## Problem
Print every line below exactly as written, but leave the pictures behind.

## Dataset records
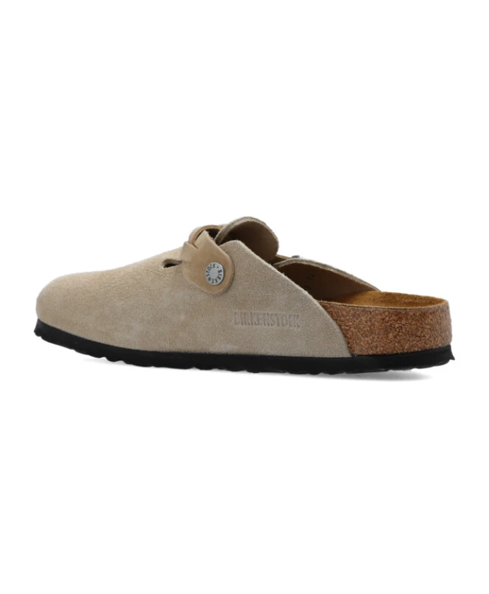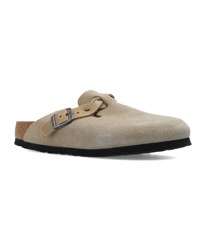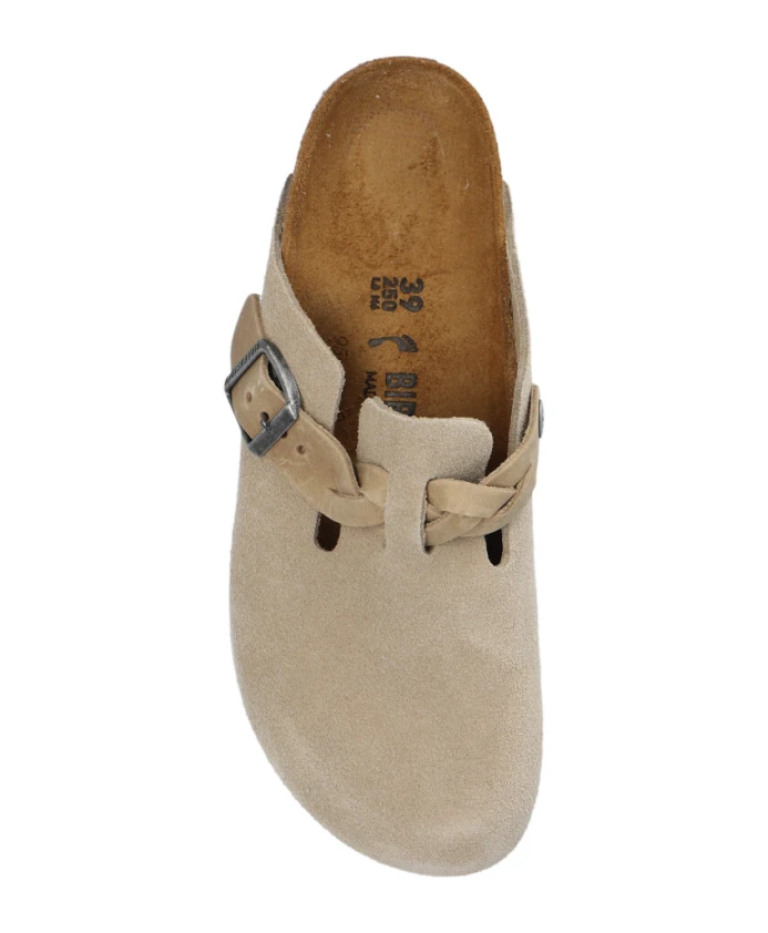 Подчеркните свой повседневный образ с помощью этих серо-коричневых плоских сабо Birkenstock «Boston Braided». Верх из мягкой замши, слипоны и стелька из пробкового латекса анатомической формы. Плетеный ремешок с узором и индивидуально регулируемая серебристая металлическая пряжка. Идеально подходит современной женщине. Размер и посадка: Маленькая, узкая ширина.
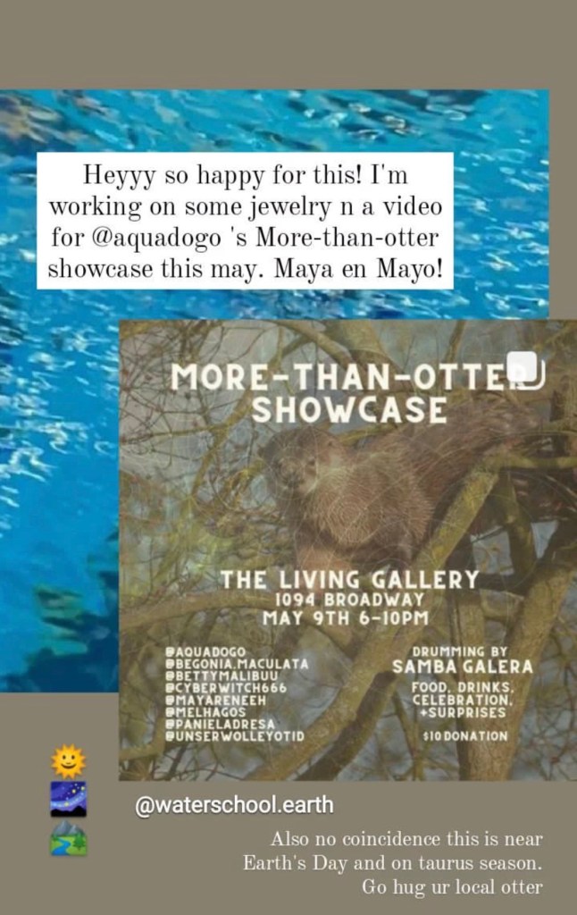 Maya is a semi-urban river otter and artist who escaped human captivity to make music. The sonic creations that ki facilitates are inspired and dedicated to otters. Their guiding principles are perreo afectivo and multispecies kinship. Ki is a “noisy otter” based in Brooklyn, and Mexico City, but you might also spot them in LA or San Juan.
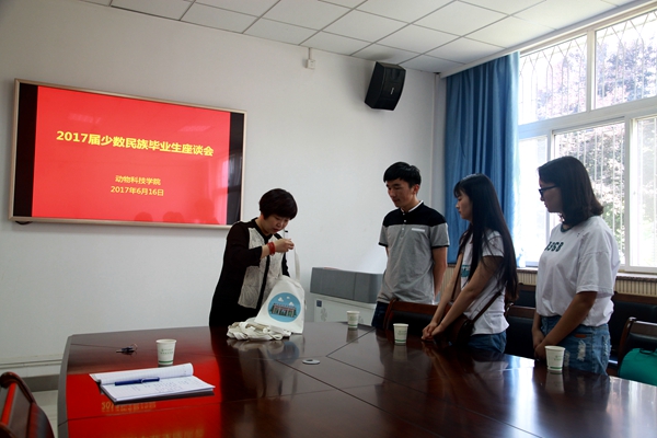 6月16下午,探花系列 在动科学院104会议室举行2017届少数民族毕业生座谈会,党委副书记王晓娟、全体辅导员以及学院全体少数民族学生参会。
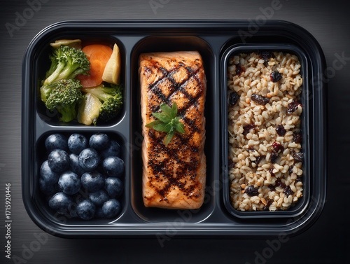 Healthy grilled salmon and vegetable meal with brown rice and blueberries served in a meal prep container
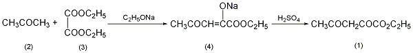 in a reaction flask equipped with a stirrer, reflux condenser and dropping funnel , add 2l of absolute ethanol, and add 63g (2.7mol) of metallic sodium in batches while stirring. after all the sodium has reacted, cool to room temperature. add dropwise a mixture of 365g (2.5mol) of diethyl oxalate (3) and 145g (2.5mol) of acetone (2), and finish adding ① in about 3 hours. after the addition is completed, raise the temperature to 40°c and continue stirring for 1 hour to form a yellow viscous substance. cool, filter with suction, and wash with ethanol to obtain sodium salt (4) ②. add the sodium salt to 1.3g of ice water, slowly add it to the pre-frozen dilute sulfuric acid (prepared with 100ml concentrated sulfuric acid and 200ml water) while stirring, control the temperature of the reaction solution at 0~5°c, adjust to ph 3~4, and continue stirring for 10 minutes , until the yellow sodium salt disappears. extract with benzene (300ml×3), combine the extracts, and wash with water. benzene was recovered by distillation under normal pressure, and then distilled under reduced pressure to collect the fraction at 117~121℃/308kpa to obtain 240g of ethyl acetylacetonate (1)③, with a yield of 61%. note: ① a white precipitate is formed in the early stage of the reaction, then gradually turns yellow, further deepens, and finally turns yellow, and the reaction system gradually thickens. ②suction filtration is very slow, and finally centrifugation is used. ③the product has poor stability and will decompose on its own during storage. [1]
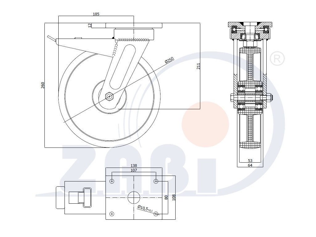 Plastové koleso 250/52 mm, PA6, otočná vidlica s doskou+brzda
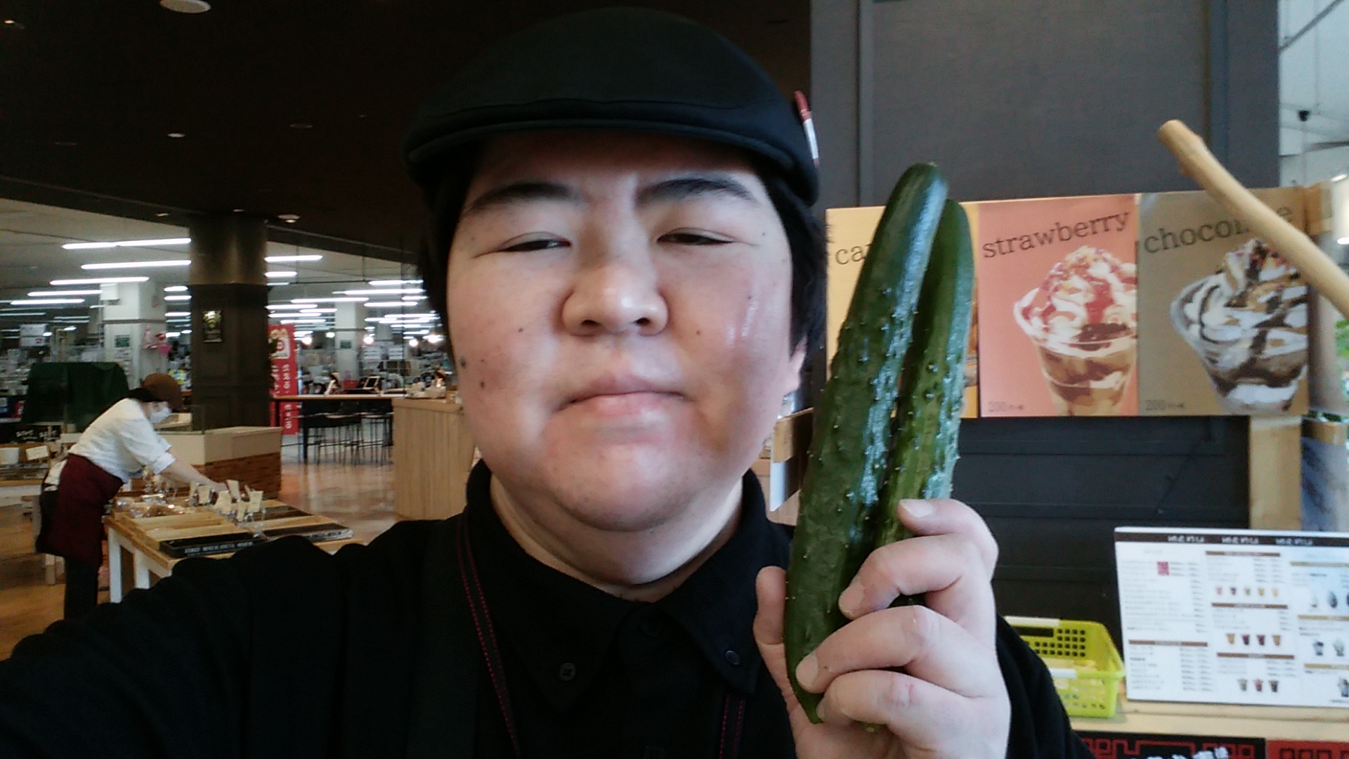 おはようございます。本日、青果コーナーではきゅうりがお買い得です。群馬、茨城産きゅうり 1本48円です。この他にもスーパー大均一祭として、様々なお買得品をご用意しております。是非ご利用ください。

## Answer for the task
 Подчеркните свой повседневный образ с помощью этих серо-коричневых плоских сабо Birkenstock «Boston Braided». Верх из мягкой замши, слипоны и стелька из пробкового латекса анатомической формы. Плетеный ремешок с узором и индивидуально регулируемая серебристая металлическая пряжка. Идеально подходит современной женщине. Размер и посадка: Маленькая, узкая ширина.
 Maya is a semi-urban river otter and artist who escaped human captivity to make music. The sonic creations that ki facilitates are inspired and dedicated to otters. Their guiding principles are perreo afectivo and multispecies kinship. Ki is a “noisy otter” based in Brooklyn, and Mexico City, but you might also spot them in LA or San Juan.
 6月16下午,探花系列 在动科学院104会议室举行2017届少数民族毕业生座谈会,党委副书记王晓娟、全体辅导员以及学院全体少数民族学生参会。
 Healthy grilled salmon and vegetable meal with brown rice and blueberries served in a meal prep container
 in a reaction flask equipped with a stirrer, reflux condenser and dropping funnel , add 2l of absolute ethanol, and add 63g (2.7mol) of metallic sodium in batches while stirring. after all the sodium has reacted, cool to room temperature. add dropwise a mixture of 365g (2.5mol) of diethyl oxalate (3) and 145g (2.5mol) of acetone (2), and finish adding ① in about 3 hours. after the addition is completed, raise the temperature to 40°c and continue stirring for 1 hour to form a yellow viscous substance. cool, filter with suction, and wash with ethanol to obtain sodium salt (4) ②. add the sodium salt to 1.3g of ice water, slowly add it to the pre-frozen dilute sulfuric acid (prepared with 100ml concentrated sulfuric acid and 200ml water) while stirring, control the temperature of the reaction solution at 0~5°c, adjust to ph 3~4, and continue stirring for 10 minutes , until the yellow sodium salt disappears. extract with benzene (300ml×3), combine the extracts, and wash with water. benzene was recovered by distillation under normal pressure, and then distilled under reduced pressure to collect the fraction at 117~121℃/308kpa to obtain 240g of ethyl acetylacetonate (1)③, with a yield of 61%. note: ① a white precipitate is formed in the early stage of the reaction, then gradually turns yellow, further deepens, and finally turns yellow, and the reaction system gradually thickens. ②suction filtration is very slow, and finally centrifugation is used. ③the product has poor stability and will decompose on its own during storage. [1]
 Plastové koleso 250/52 mm, PA6, otočná vidlica s doskou+brzda
 おはようございます。本日、青果コーナーではきゅうりがお買い得です。群馬、茨城産きゅうり 1本48円です。この他にもスーパー大均一祭として、様々なお買得品をご用意しております。是非ご利用ください。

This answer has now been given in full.